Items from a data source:
Start of Block
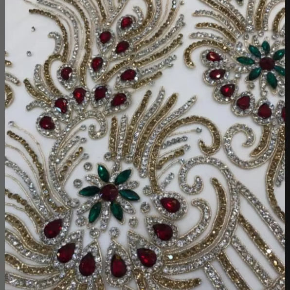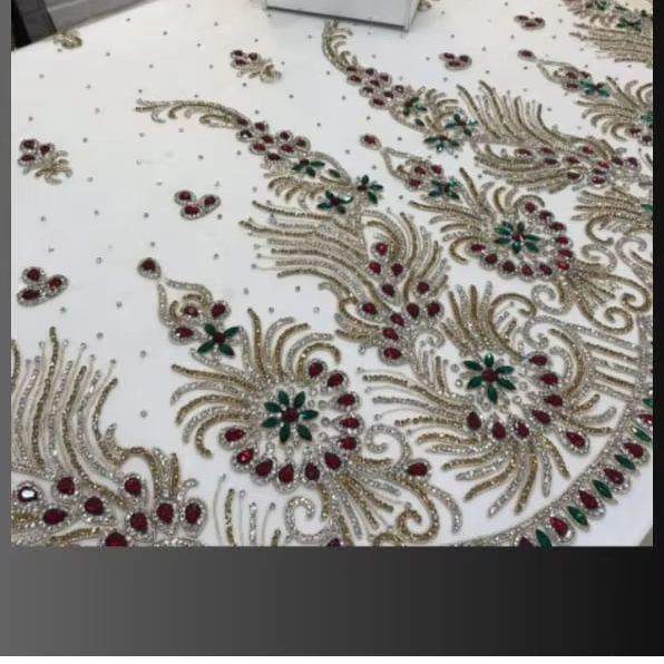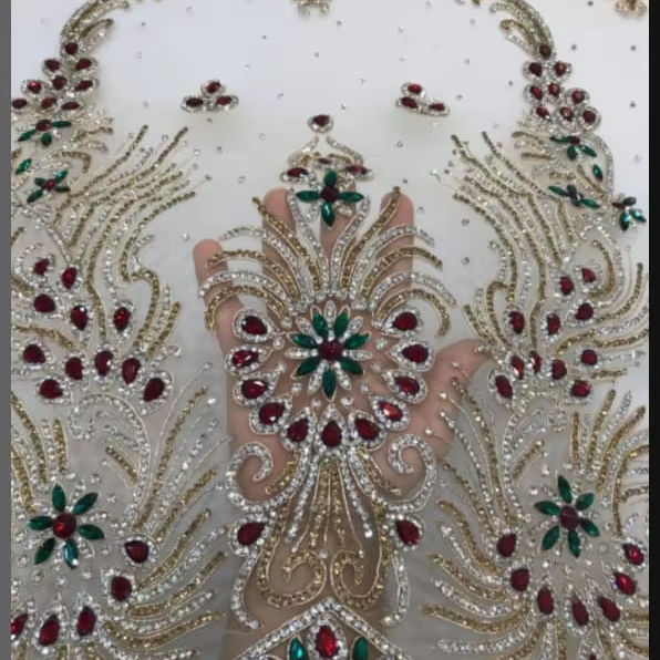 ผ้าลูกปัดโพลีเอสเตอร์100% หรูหราพร้อมเซอร์คอนแฮนด์เมดผู้จัดจำหน่ายเสื้อผ้าอินเดียทำจากผ้าทอและลายตาข่าย
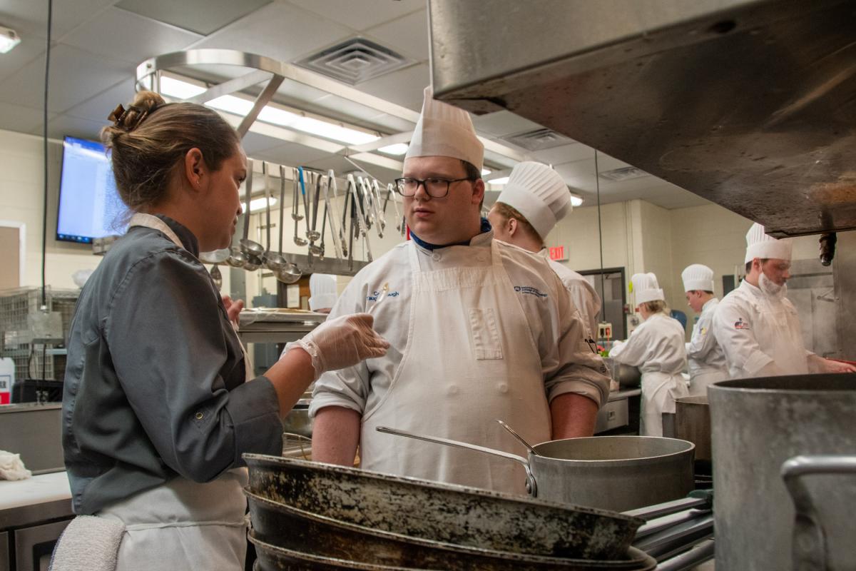 With a tasting spoon in-hand, Wisneski provides feedback to Caleb M. Taughinbaugh, a culinary arts technology student from Dover.
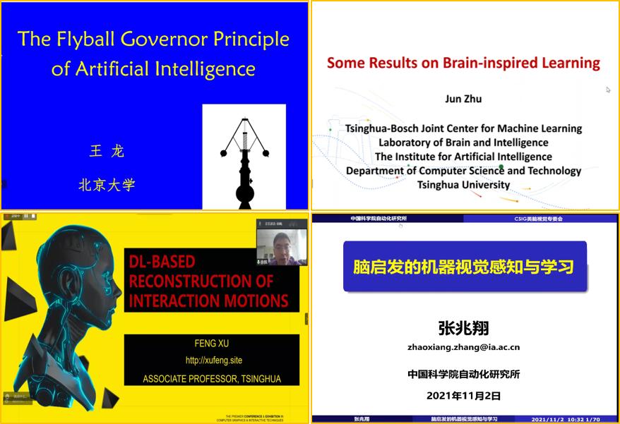 北京大学王龙教授分享了题为“The Flyball Governor Principle of Artificial Intelligence”的报告;清华大学朱军教授的报告题目为“Learning with Spike Neural Networks”;中科院自动化所张兆翔教授分享了题为“脑启发的机器视觉感知与学习”的报告;清华大学徐枫教授分享了题为“基于深度学习的交互运动感知与重建”的报告。
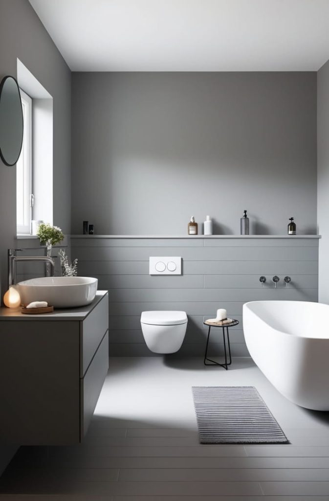 14. Minimalist Grey Bathroom for a Calm Feel
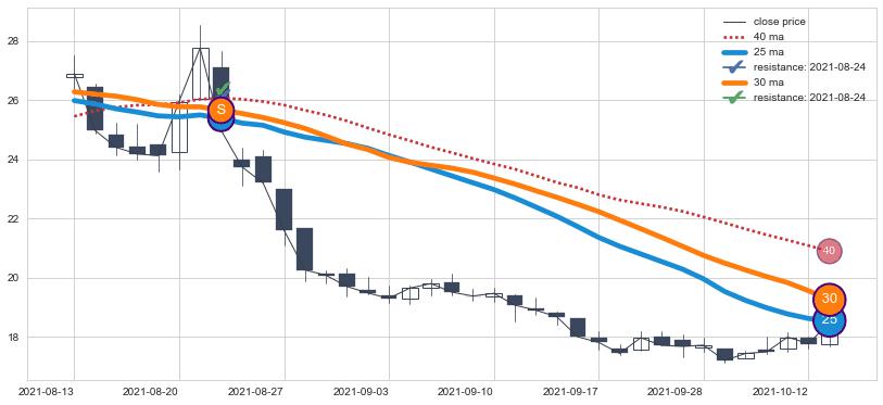 下跌趋势2021-08-13-2021-10-13,均线25, 30确认关键阻力1处
End of Block
[What the task asks]: Return every record above exactly as written, but drop the pictures.

[Result for this task]:
 ผ้าลูกปัดโพลีเอสเตอร์100% หรูหราพร้อมเซอร์คอนแฮนด์เมดผู้จัดจำหน่ายเสื้อผ้าอินเดียทำจากผ้าทอและลายตาข่าย
 With a tasting spoon in-hand, Wisneski provides feedback to Caleb M. Taughinbaugh, a culinary arts technology student from Dover.
 北京大学王龙教授分享了题为“The Flyball Governor Principle of Artificial Intelligence”的报告;清华大学朱军教授的报告题目为“Learning with Spike Neural Networks”;中科院自动化所张兆翔教授分享了题为“脑启发的机器视觉感知与学习”的报告;清华大学徐枫教授分享了题为“基于深度学习的交互运动感知与重建”的报告。
 14. Minimalist Grey Bathroom for a Calm Feel
 下跌趋势2021-08-13-2021-10-13,均线25, 30确认关键阻力1处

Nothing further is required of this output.